Approfondiamo i fatti di oggi per comprendere meglio quelli che accadranno in futuro, perchè ciò che accadrà non nascerà all’improvviso

Mentre si trovava in volo verso Algeri per l’inizio del suo viaggio apostolico in Africa, Papa Leone XIV ha risposto alle critiche e rivolgendosi ai giornalisti a bordo dell’aereo papale, il Pontefice ha subito sottolineato il significato del suo viaggio, collegandolo alla figura di Sant’Agostino e al dialogo tra religioni: “Come sapete sono molto contento di visitare di nuovo la terra di Sant’Agostino, Sant’Agostino che offre un ponte molto importante nel dialogo interreligioso, è molto amato nella sua terra, come vedremo. E allora l’opportunità di visitare i luoghi della vita di Sant’Agostino, dove lui era vescovo”.

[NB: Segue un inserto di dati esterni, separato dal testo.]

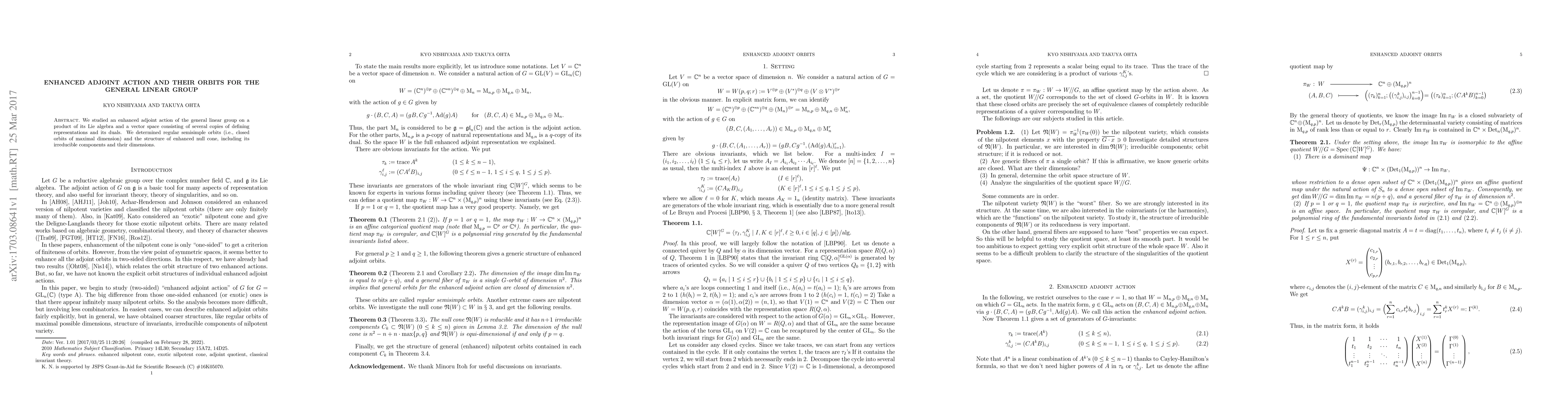 This paper investigates the enhanced adjoint action of the general linear group on a product of its Lie algebra and vector spaces of defining representations and duals. It identifies regular semisimple orbits and analyzes the structure of the enhanced null cone, detailing its irreducible components and dimensions.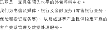 迅羽擁有豐富的客服中心建設(shè)及管理實務(wù)經(jīng)驗,熟悉各行業(yè)的運營情況,為客戶提供一站式的電話數(shù)據(jù)處理解決方案。
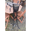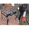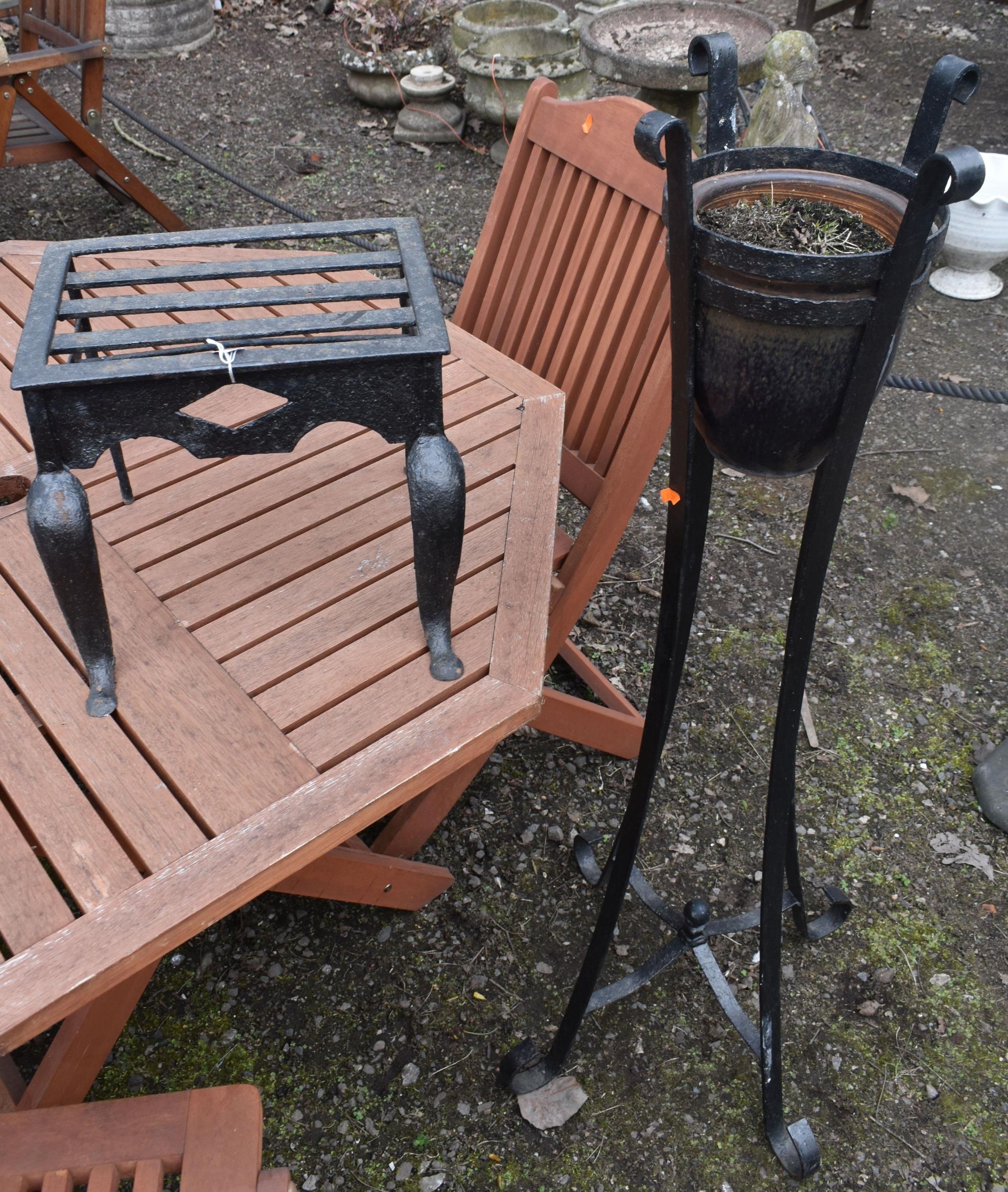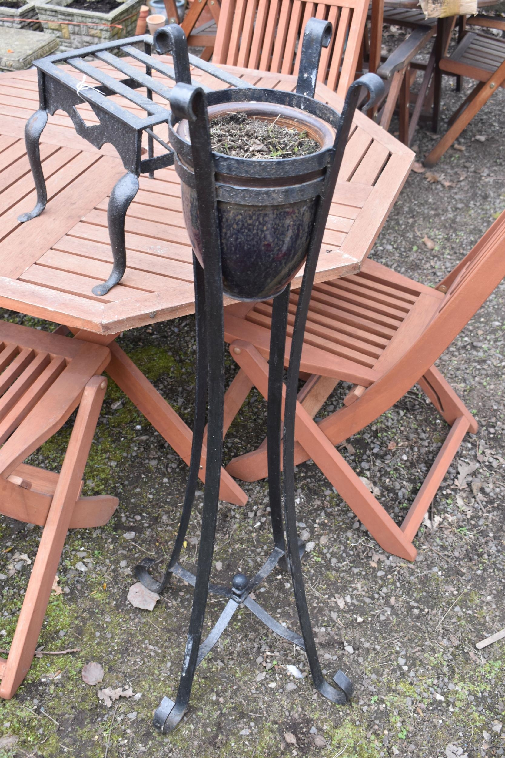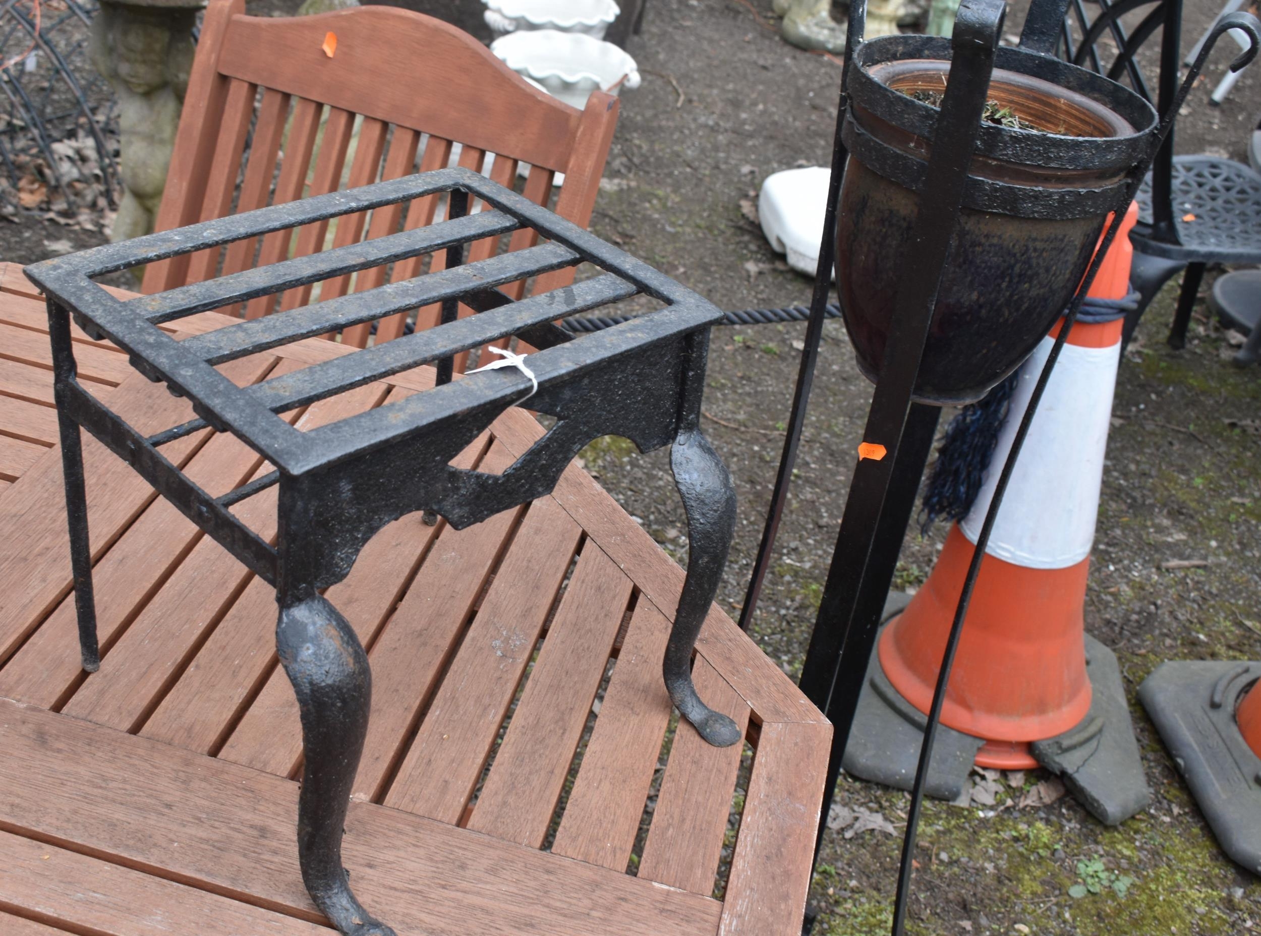 A CAST IRON TRIVET, along with a wrought iron strap work plant stand with a glazed planter, height 117cm (2)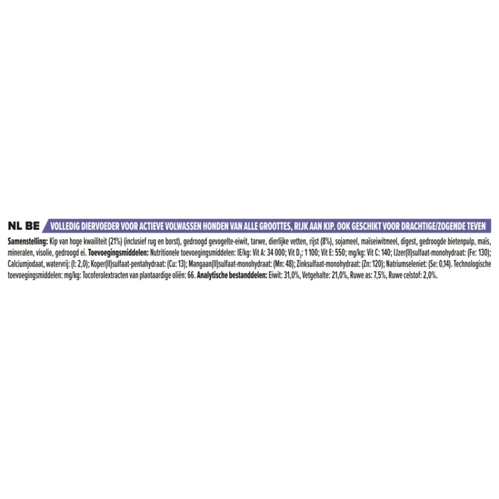 Complete voeding voor actieve volwassen honden van alle rassen. Ook geschikt voor drachtige of zogende teven. (voorheen OptiPower)

Papa Leone ha continuato: “Oggi è veramente una benedizione per me personalmente, ma credo anche per la Chiesa e per il mondo, perché dobbiamo cercare sempre ponti per costruire la pace e la riconciliazione”. E ancora: “Questo viaggio rappresenta davvero una opportunità preziosissima per continuare con la stessa voce, con lo stesso messaggio, perché vogliamo promuovere la pace, la riconciliazione e il rispetto, la considerazione per tutti i popoli”.

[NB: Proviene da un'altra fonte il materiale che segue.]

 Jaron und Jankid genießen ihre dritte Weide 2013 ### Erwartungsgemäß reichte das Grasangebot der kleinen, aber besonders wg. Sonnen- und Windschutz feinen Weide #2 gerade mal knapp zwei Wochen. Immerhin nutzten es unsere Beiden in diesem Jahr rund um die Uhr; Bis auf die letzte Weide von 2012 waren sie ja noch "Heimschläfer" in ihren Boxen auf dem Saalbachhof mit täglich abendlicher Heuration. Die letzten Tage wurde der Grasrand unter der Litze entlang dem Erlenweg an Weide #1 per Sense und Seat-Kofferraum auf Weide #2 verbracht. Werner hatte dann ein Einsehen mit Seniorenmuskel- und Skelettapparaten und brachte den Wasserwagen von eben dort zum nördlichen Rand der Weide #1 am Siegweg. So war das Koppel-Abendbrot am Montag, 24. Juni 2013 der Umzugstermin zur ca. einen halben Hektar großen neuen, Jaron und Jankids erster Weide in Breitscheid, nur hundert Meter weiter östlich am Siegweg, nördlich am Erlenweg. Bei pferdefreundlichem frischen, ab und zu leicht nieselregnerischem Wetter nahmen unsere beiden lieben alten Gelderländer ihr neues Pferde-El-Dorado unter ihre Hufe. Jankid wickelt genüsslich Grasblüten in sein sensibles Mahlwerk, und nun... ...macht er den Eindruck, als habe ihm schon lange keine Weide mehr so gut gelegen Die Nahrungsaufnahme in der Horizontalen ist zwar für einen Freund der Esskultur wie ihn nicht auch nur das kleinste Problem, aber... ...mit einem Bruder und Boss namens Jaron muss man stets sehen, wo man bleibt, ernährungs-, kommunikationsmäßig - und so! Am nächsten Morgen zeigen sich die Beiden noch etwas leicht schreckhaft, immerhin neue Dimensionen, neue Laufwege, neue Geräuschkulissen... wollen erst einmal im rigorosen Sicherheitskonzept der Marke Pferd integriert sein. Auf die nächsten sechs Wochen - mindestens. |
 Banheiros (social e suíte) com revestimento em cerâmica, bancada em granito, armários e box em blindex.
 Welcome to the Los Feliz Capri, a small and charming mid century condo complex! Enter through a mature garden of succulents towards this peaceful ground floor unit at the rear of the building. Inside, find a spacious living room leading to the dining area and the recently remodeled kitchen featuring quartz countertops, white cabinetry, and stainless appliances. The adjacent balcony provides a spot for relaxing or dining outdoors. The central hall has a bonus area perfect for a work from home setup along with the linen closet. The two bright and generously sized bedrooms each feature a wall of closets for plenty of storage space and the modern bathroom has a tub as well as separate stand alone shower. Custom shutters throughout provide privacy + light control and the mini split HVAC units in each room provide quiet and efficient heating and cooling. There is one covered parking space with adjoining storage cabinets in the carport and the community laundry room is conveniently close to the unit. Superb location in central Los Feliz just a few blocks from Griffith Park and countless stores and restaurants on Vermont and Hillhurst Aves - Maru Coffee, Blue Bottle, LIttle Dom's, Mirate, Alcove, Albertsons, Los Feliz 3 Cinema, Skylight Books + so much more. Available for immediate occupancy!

Inevitabile il riferimento anche alle parole di Trump, per il quale il Papa ha scelto un tono fermo, ma non polemico: “Penso che le persone che leggono potranno trarre le proprie conclusioni: io non sono un politico, non ho intenzione di entrare in un dibattito con lui”.

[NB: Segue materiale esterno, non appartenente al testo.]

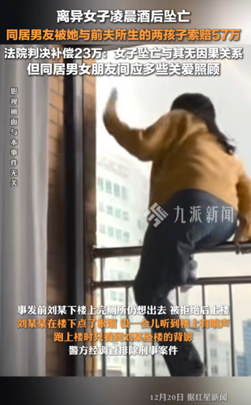 (来源:极目新闻2024年12月21日关于《离异女子凌晨酒后坠亡,同居男友被判补偿逝者两孩子23万元》的报道)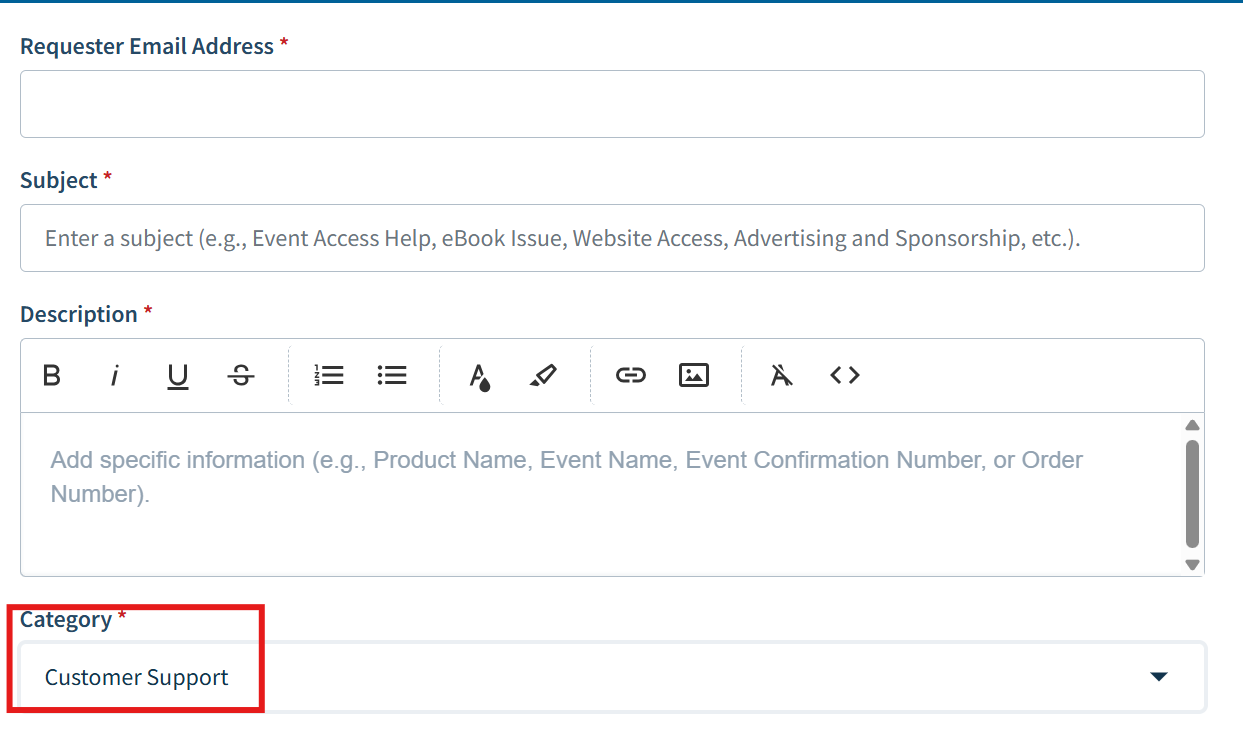 If you need information on IIA products or services, please submit a support ticket and select Customer Support from the dropdown question on the ticket form shown in the screenshot below.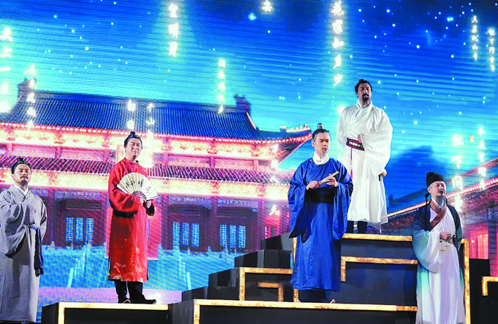 据了解,沉浸式穿越儿童剧《诗润千年》主要讲述一名活泼好动的小男孩名叫布备书,他总认为学习有压力,背书没动力,一直觉得不看书,不背书,照样可以学好中华诗词。梦中的布备书穿越回了古代,遇见了诗仙、诗圣、诗佛、诗魔等,同游诗词瀚海,领略诗词真滴,感受中华优秀传统文化博大精深。现场小朋友可以参与互动,共同背诵千古名篇,畅游在中国古典诗词文化的海洋里。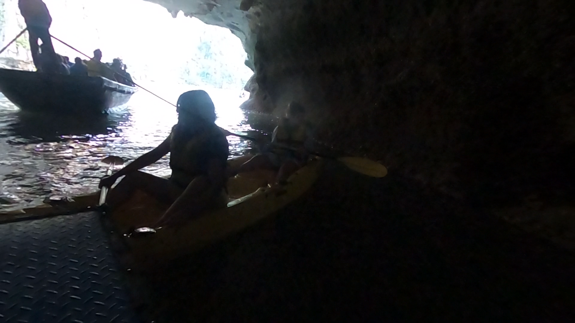 Dans la grotte, notre bamboo boat heurte plusieurs kayakistes. L’espace est étroit, les embarcations nombreuses : la situation frôle le dangereux. On rit un peu jaune… jusqu’au moment où un groupe de Chinois commence à chanter des chants traditionnels.

Il Papà poi ha aggiunto: “Piuttosto cerchiamo sempre la pace e smettiamola con le guerre. Non ho paura della amministrazione Trump. Io parlo del Vangelo”.

Il Pontefice ha criticato l’uso improprio del linguaggio religioso in ambito politico: “Non penso che il messaggio del Vangelo debba essere abusato nel modo in cui alcune persone stanno facendo” – e ha concluso – “Io continuerò a parlare ad alta voce contro la guerra, a cercare di promuovere la pace, il dialogo multilaterale tra gli stati per cercare la giusta soluzione ai problemi”.